There are three things that are certain in life – death, taxes and the need for email image hosting.

The images in your emails cannot be embedded in the email itself but rather are called from a location where they are already online. This is where you have to make some key decisions about the future of your images and this in turn will decide the fate of your email archives and/or newsletters as well as control of your online destiny.

For Whom Does the Inbox Chime Toll for?

Sounds like the beginning of a Space Opera? It’s actually quite simple – many email deployment services will certainly host your images for you, and there are many commercial, professional image hosting services out there as well. But what happens to your images when it’s time to move on from that service? Someone who still has your emails / newsletters will have the images disappear because your email HTML & image paths reside in someone’s inbox and not on the web.  That means you won’t be able to export your information and keep it intact, and therefore you are limited to using that one service – a service that may or may not even allow you to export your images.

The Double-Whammy!

donotdisturb

Why rent a room when you can own the hotel?

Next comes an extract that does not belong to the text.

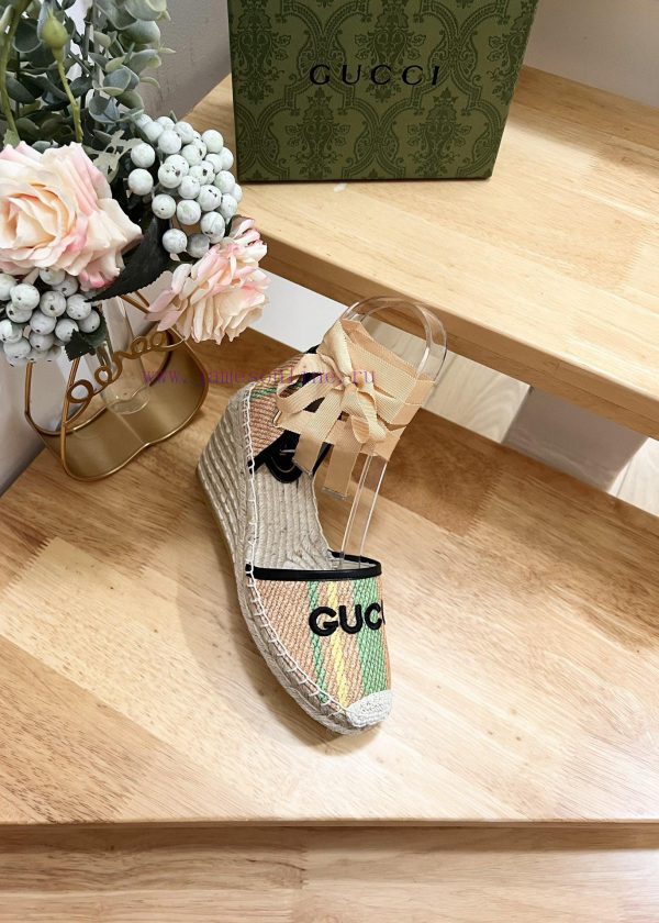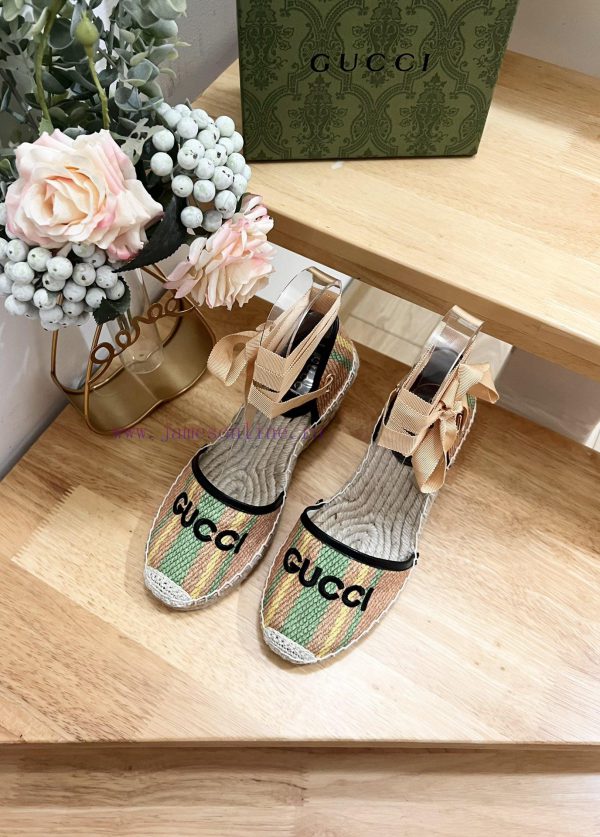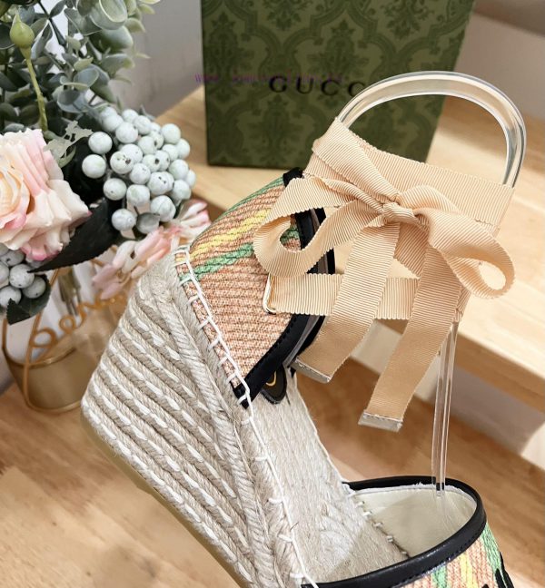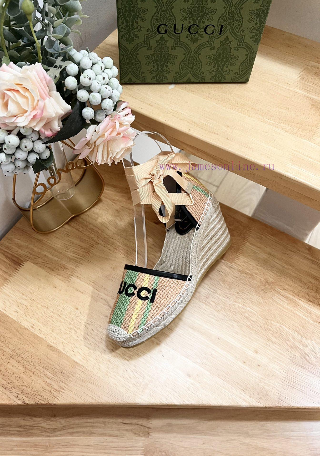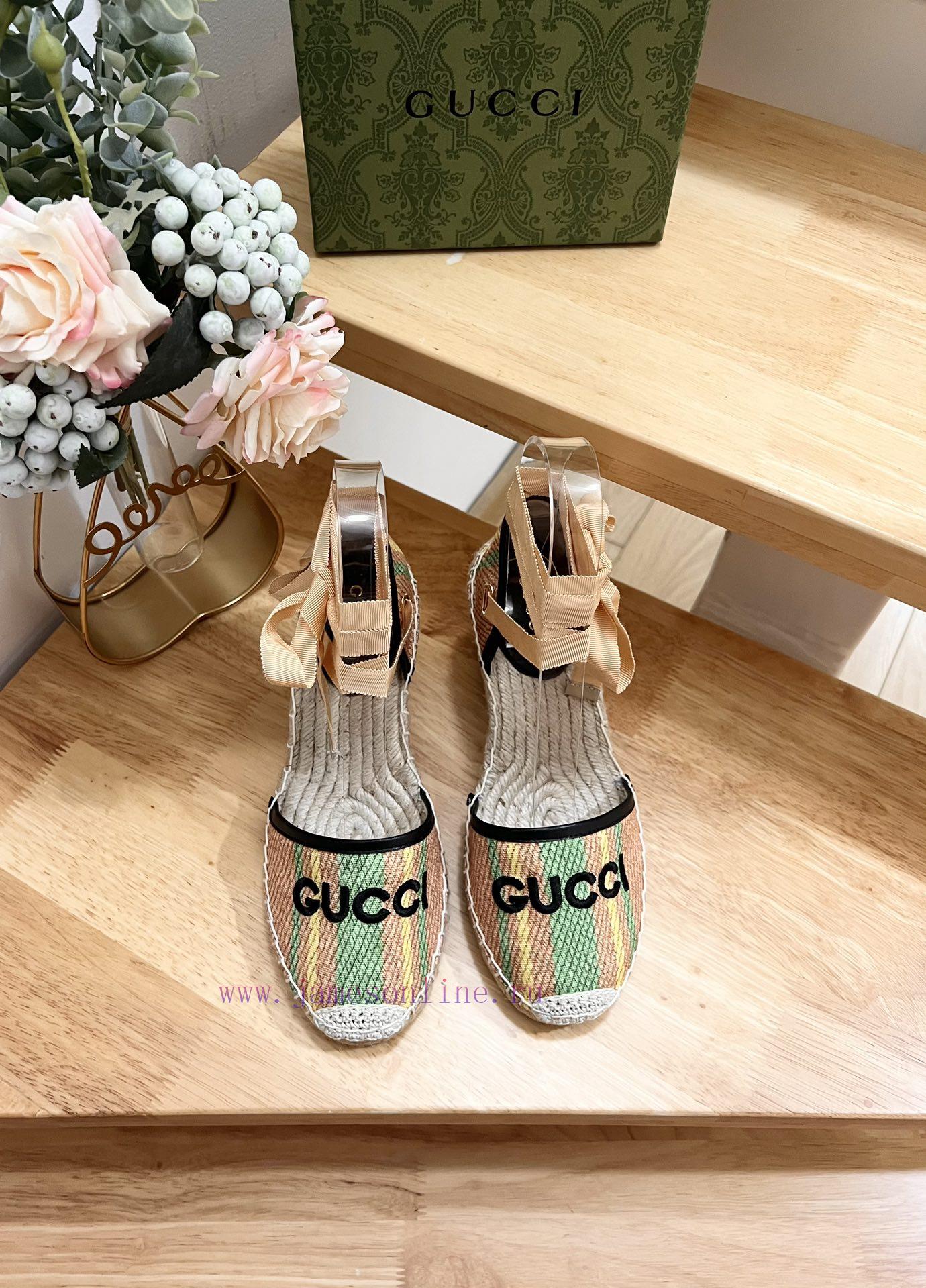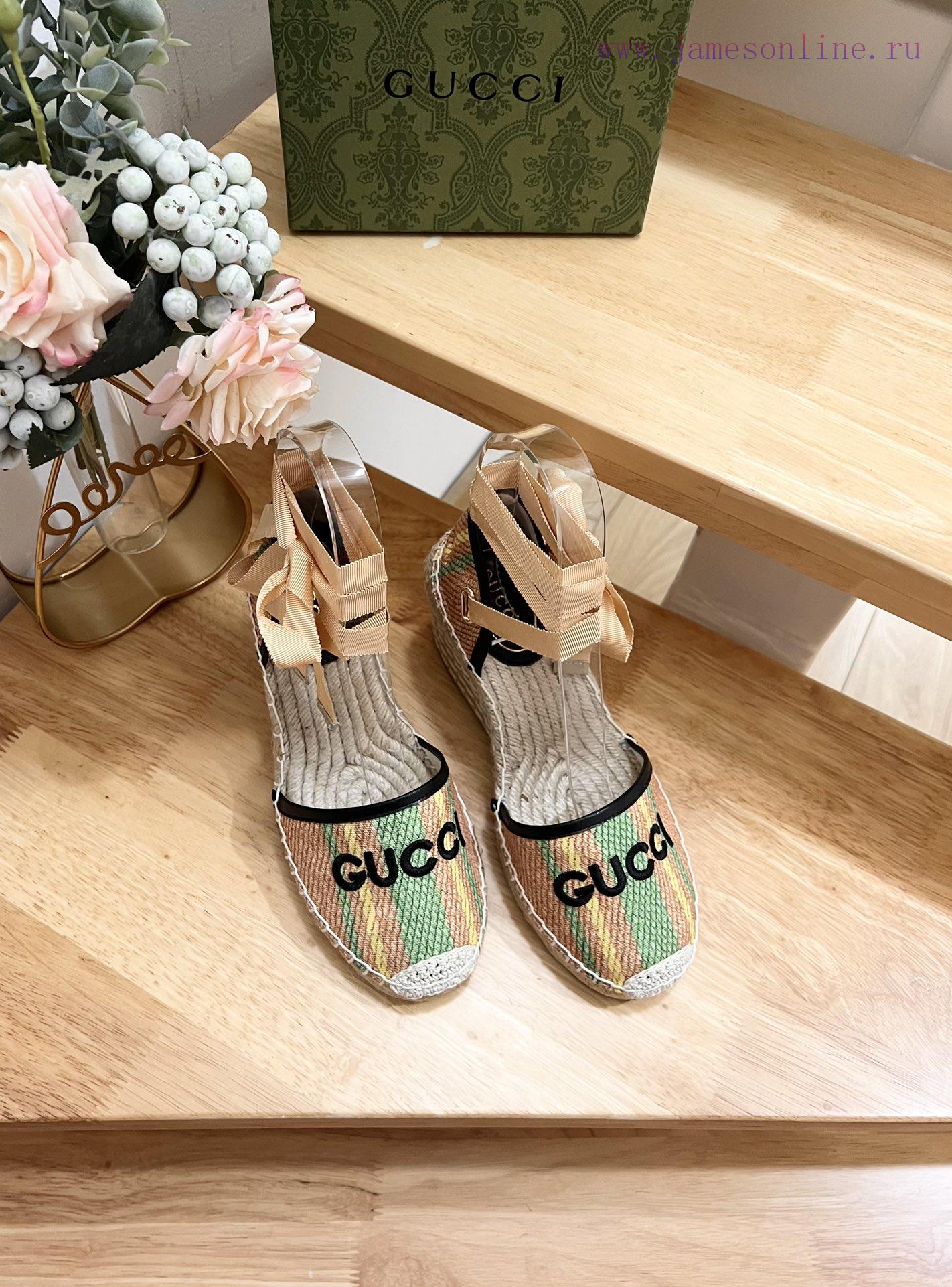GUCCI 24ss early spring slope heel thick bottom GG Gucci pattern decoration garden head Gucci grass woven new fisherman decorationMs.Green and yellow striped primary color juteBlack leather with rolled edgesGucci logo embroideryRope woven rubber soleCode 35-41

Why not simply set up your own domain to host your email images and newsletters? You could use a sub-domain on your existing website (i.e subdomainforemailimages.yourdomain.com) but that does not avoid the dreaded “double-whammy” effect. For example, you can register yourdomainforemailing.com and even create sub-domains for different campaigns such as thiscampaign.yourdomainforemailing.com.  This should be on a completely different server ideally at a different hosting company and even a geographically distinct location help avoid traffic overload issues by being on different node altogether.  This is because when you send out a campaign with, say, 50,000 emails there will (hopefully) be thousands of visits to your website – but combined with the opened emails calling thousands of images from the same server at the same time and you’ve got the double-whammy effect and a risk of a slow loading website or even a crash due to too much traffic all at once.

The Postman Always Sends at Least Twice

A good email service will allow you to throttle your delivery rate throughout the campaign deployment. If you are sending out those 50,000 emails at the same time, what is going to happen when there are 10s of thousands of image requests for the same image from your website host server? It will probably crash your server and your email campaign has actually caused damage to your brand. By establishing a separate domain and server service specifically for email campaigns, you avoid this aspect of the double-whammy effect and your inbound sales team will also thank you for spreading the responses to a manageable level.

Yes, you could use Social Networking platforms to achieve some of the same results – Flikr or PhotoBucket – but this will result in the same obstacles when it is time to migrate / export this data. Separate image hosting on a domain you own ensures you have full control over the space where you can put all of your images, newsletters, articles, landing pages and web pages versions of your emails.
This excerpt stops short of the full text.